Record extracts →
***
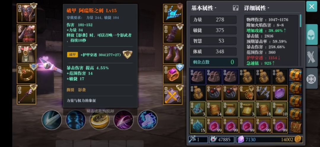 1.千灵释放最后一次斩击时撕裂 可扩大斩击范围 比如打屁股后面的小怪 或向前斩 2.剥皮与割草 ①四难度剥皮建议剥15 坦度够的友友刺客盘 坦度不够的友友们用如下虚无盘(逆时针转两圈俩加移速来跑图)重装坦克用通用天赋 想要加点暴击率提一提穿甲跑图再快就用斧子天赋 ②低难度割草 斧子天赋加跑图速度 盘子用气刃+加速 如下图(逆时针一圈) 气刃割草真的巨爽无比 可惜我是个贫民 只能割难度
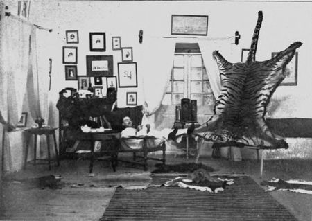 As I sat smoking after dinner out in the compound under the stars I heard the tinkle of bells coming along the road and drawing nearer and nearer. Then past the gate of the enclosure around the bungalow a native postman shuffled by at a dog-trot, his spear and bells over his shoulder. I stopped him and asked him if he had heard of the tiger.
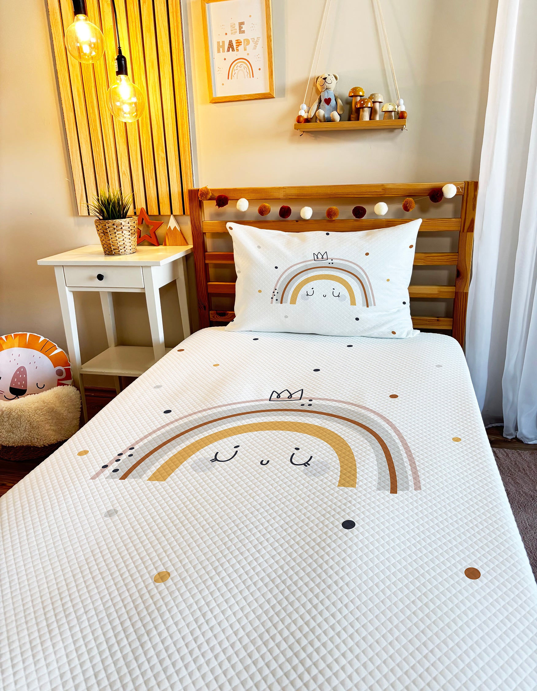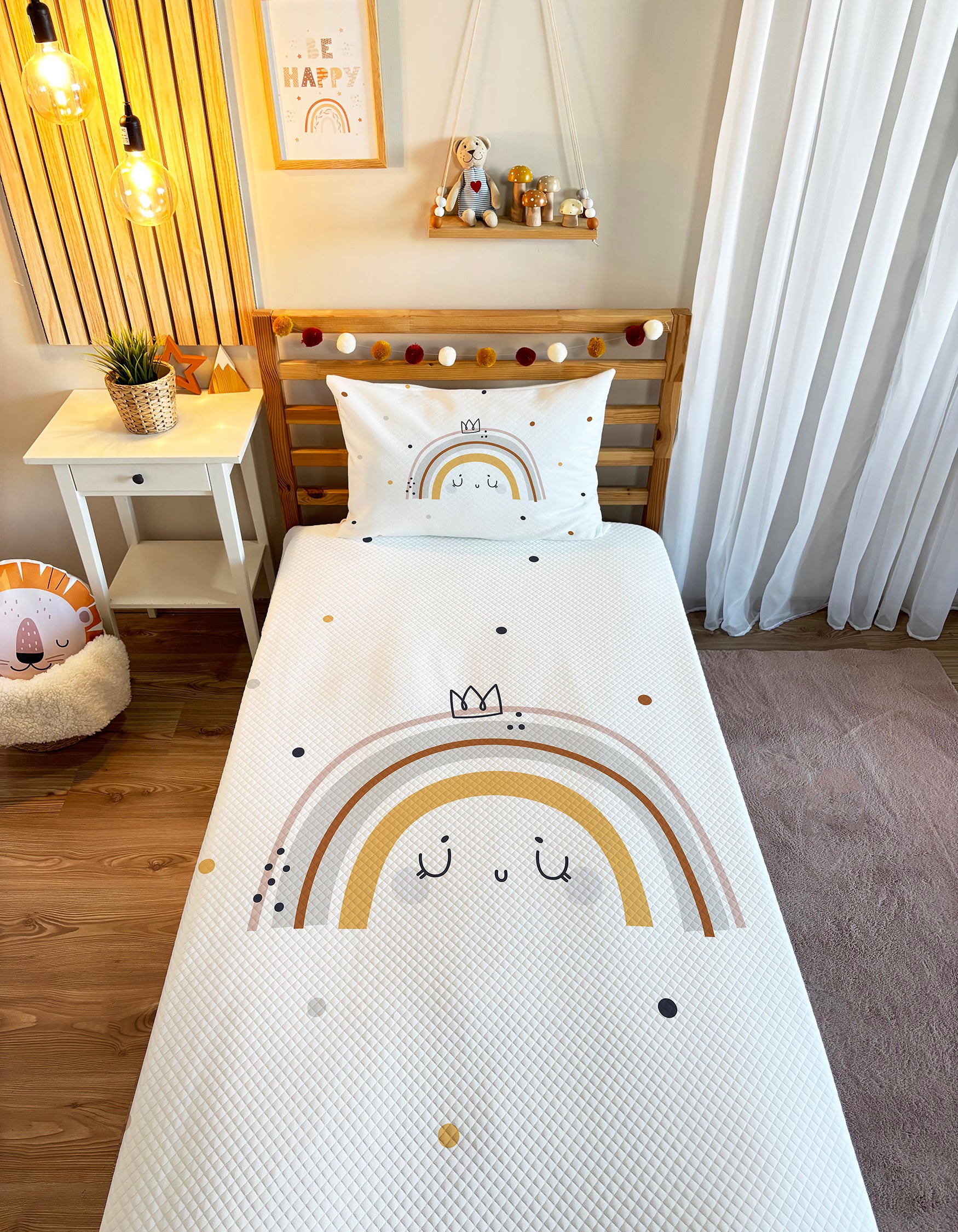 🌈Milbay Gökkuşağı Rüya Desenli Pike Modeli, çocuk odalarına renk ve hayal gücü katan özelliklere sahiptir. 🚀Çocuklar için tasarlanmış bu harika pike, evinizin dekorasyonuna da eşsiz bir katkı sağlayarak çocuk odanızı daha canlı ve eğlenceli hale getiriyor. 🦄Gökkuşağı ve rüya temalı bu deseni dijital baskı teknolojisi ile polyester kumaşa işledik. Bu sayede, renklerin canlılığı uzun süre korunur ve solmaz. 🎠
***
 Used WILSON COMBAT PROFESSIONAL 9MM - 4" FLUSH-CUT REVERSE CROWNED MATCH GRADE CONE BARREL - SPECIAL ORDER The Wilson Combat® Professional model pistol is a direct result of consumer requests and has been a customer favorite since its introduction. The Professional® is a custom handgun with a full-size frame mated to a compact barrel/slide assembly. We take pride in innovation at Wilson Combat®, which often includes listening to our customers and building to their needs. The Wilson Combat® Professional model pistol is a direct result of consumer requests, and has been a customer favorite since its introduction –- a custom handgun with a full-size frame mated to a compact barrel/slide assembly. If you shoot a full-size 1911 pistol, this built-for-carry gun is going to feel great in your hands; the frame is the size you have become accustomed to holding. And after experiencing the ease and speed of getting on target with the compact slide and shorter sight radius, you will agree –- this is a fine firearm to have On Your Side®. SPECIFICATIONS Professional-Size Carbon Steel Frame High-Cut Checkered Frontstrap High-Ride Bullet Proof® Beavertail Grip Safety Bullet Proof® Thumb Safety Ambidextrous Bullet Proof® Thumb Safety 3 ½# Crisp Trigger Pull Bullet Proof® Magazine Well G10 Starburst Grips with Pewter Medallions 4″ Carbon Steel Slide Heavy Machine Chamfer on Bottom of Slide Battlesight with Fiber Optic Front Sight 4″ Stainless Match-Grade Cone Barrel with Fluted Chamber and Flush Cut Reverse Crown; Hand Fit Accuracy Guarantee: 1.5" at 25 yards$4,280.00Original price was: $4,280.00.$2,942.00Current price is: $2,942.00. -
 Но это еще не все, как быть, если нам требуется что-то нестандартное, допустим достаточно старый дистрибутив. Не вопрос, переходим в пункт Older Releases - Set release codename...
***
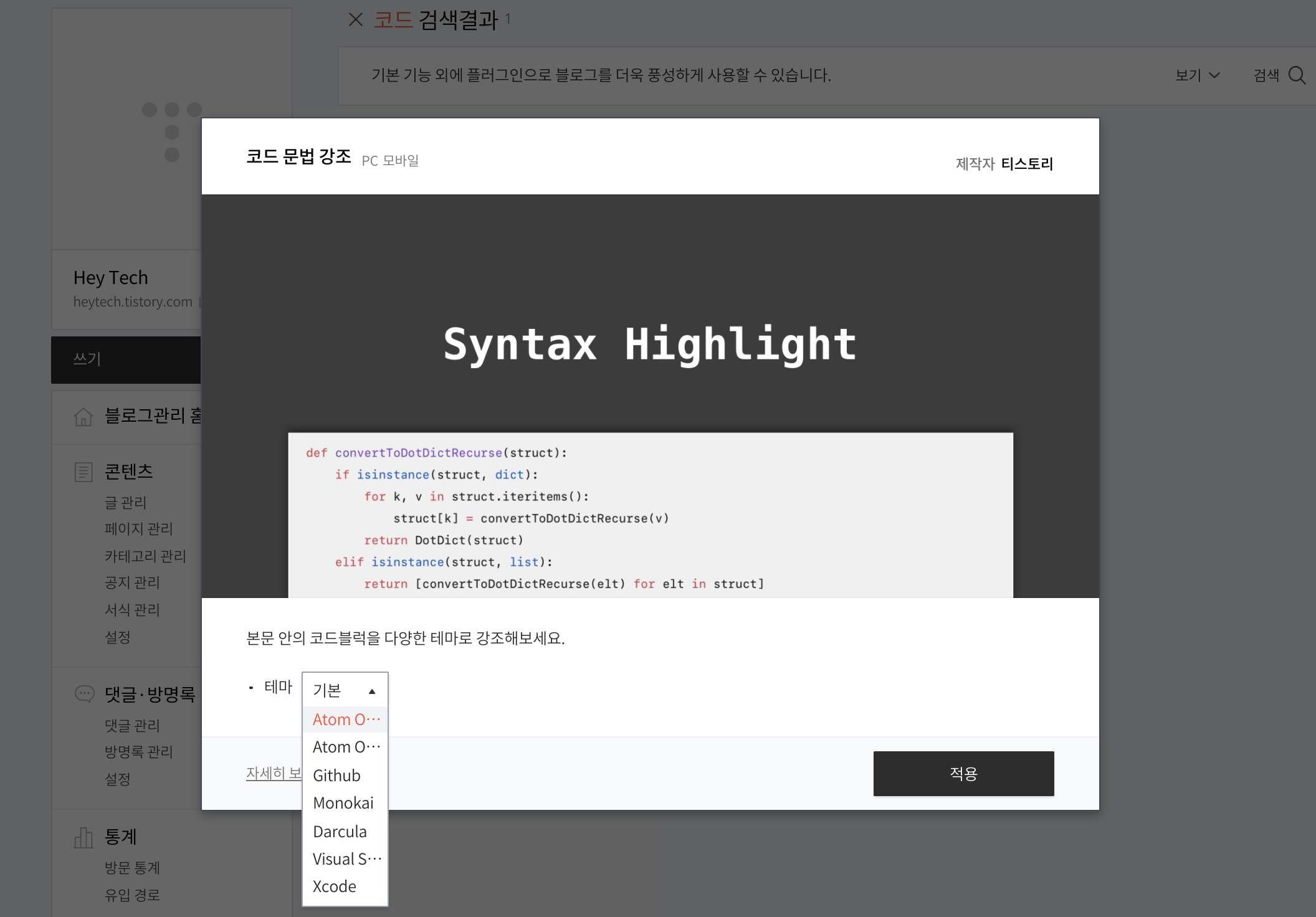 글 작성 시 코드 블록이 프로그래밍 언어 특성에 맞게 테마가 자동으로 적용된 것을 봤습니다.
***
Using the listing above, reproduce word for word every line from the one containing "1.千灵释放最后一次斩击时撕裂 可扩大斩击范围 比如打屁股后面的小怪" through the one containing "ve solmaz. 🎠". Pictures must be left out.

 1.千灵释放最后一次斩击时撕裂 可扩大斩击范围 比如打屁股后面的小怪 或向前斩 2.剥皮与割草 ①四难度剥皮建议剥15 坦度够的友友刺客盘 坦度不够的友友们用如下虚无盘(逆时针转两圈俩加移速来跑图)重装坦克用通用天赋 想要加点暴击率提一提穿甲跑图再快就用斧子天赋 ②低难度割草 斧子天赋加跑图速度 盘子用气刃+加速 如下图(逆时针一圈) 气刃割草真的巨爽无比 可惜我是个贫民 只能割难度
 As I sat smoking after dinner out in the compound under the stars I heard the tinkle of bells coming along the road and drawing nearer and nearer. Then past the gate of the enclosure around the bungalow a native postman shuffled by at a dog-trot, his spear and bells over his shoulder. I stopped him and asked him if he had heard of the tiger.
 🌈Milbay Gökkuşağı Rüya Desenli Pike Modeli, çocuk odalarına renk ve hayal gücü katan özelliklere sahiptir. 🚀Çocuklar için tasarlanmış bu harika pike, evinizin dekorasyonuna da eşsiz bir katkı sağlayarak çocuk odanızı daha canlı ve eğlenceli hale getiriyor. 🦄Gökkuşağı ve rüya temalı bu deseni dijital baskı teknolojisi ile polyester kumaşa işledik. Bu sayede, renklerin canlılığı uzun süre korunur ve solmaz. 🎠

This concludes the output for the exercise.